IT was a game that most of Newcastle's players will no doubt be trying to forget in a hurry.
Down 26-0 at half-time against North Queensland and eventually beaten 32-20, it would seem fair to assume the mood on the flight home from Townsville was sombre and reflective.
But at least one of the Knights returned with a fond memory that is likely to last a lifetime.
In the opening minute of the second half, rookie utility back Tex Hoy backed up a line break by back-rower Lachlan Fitzgibbon and raced 35 metres to score the first NRL try of his career.
"It was obviously a pretty special one," Hoy said. "I'll remember that for a while, but it was disappointing we didn't get the win afterwards."

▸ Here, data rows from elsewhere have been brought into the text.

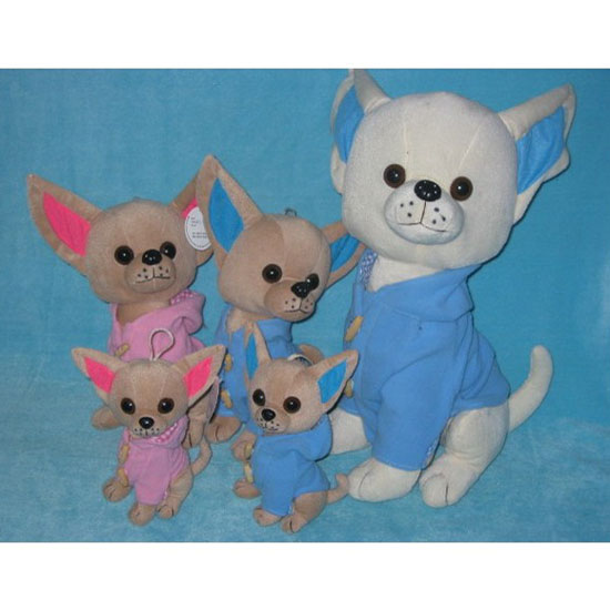 These adorable plush dogs feature the look of Chihuahua. The handsome plush dogs are dressed in pretty clothes for added appeal. The soft and velvety plush toys are best sleeping companions for kids.
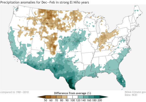 Winter precipitation (December-February) compared to the 1981-2010 average during the 6 strongest El Niño events since 1950 (not including the ongoing event). Based on these 6 events, strong El Niño winters are wetter than average across the southern U.S. and drier than average in the Northern Plains, the Northern and Southern Rockies, and the Ohio Valley. NOAA Climate.gov map based on analysis by Jake Crouch, NCEI.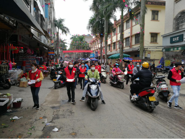 为贯彻落实习近平总书记关于志愿服务工作的重要指示批示精神和在统筹推进新型冠状肺炎疫情防控和经济社会发展工作部署会议上的重要讲话精神,根据市委市政府、团市委工作安排,2020年3月5日下午,我镇共青团委员会积极组织各村团干、团员志愿者共30余人组成共青团志愿者先锋队,在镇圩内开展疫情防控宣传活动,通过发放宣传单、宣传手册等方式,入户入店向广大群众发出“九要”“九不要”倡议,切实保障人民群众身体健康和生命安全,在践行雷锋精神的实际行动中助力打赢疫情防控阻击战,展示团员力量。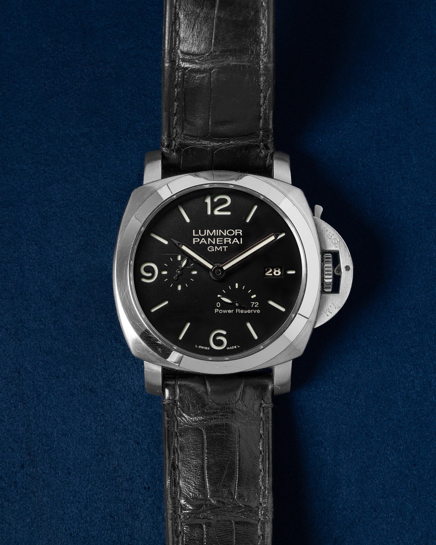 This Panerai Luminor 1950 PAM00321 has a black quarter arabic dial and a leather strap. This Panerai has undergone a thorough inspection of accuracy, functionality and condition at our Panerai certified service centre to determine the level of reconditioning required to meet our strict standards. It has also been checked against our records to ensure authenticity. All our watches have a 24-month warranty for your peace of mind.

A South Newcastle junior and the son of former professional surfer Matt Hoy, 20-year-old Tex has long been considered one of the Knights' brightest prospects.
He underlined that during the pre-season with standout performances in the Nines tournament and Newcastle's trials, earning an upgrade from a development contract to become a full-time member of Newcastle's top 30 squad.
New coach Adam O'Brien was quick to recognise that Hoy had "an innate ability to make things happen" with the ball in hand, although he added that: "He's got some work to do and he understands that too."
Like any novice, Hoy was likely to have to wait for his opportunity, but two instances of misfortune that befell his housemates, Kalyn Ponga and Connor Watson, created an opening.
Firstly Ponga was suspended for Newcastle's round-three match against Penrith, allowing Hoy to make an eye-catching debut in a 16-all draw.
In the same game, Watson limped off with an ankle injury and suddenly O'Brien needed a new bench handyman.
The former NSW under-20s representative has now strung together five consecutive top-grade games and is learning new lessons each week.
"Tex is going good," Knights captain Mitchell Pearce said.
"He's obviously only young and he got his first try on the weekend.
"He's coming up with lots of good little support plays and some really nice runs when he comes on, so Tex is a real player of the future."
Having played most of his junior career as a fullback, Hoy was given a chance at five-eighth during the pre-season and O'Brien believes he could also handle centre.
For the time being, he is being used in an ad-lib roving role to complement Pearce, Ponga and five-eighth Kurt Mann.
"I don't exactly what time I'll be coming on each week," he said.
"The coach doesn't tell me that. So I just come on and wherever he tells me, I'll play.
"I'm happy just to be out there ... honestly, I just get on the field and get the ball in my hands and just run.
"That's all I get told and all I focus on."
Hoy admitted the NRL was "a big step up" for NSW Cup. But he has handled it with enough confidence composure to validate O'Brien's belief that he has "rare talent".
As O'Brien said in March: "I just see he has a future."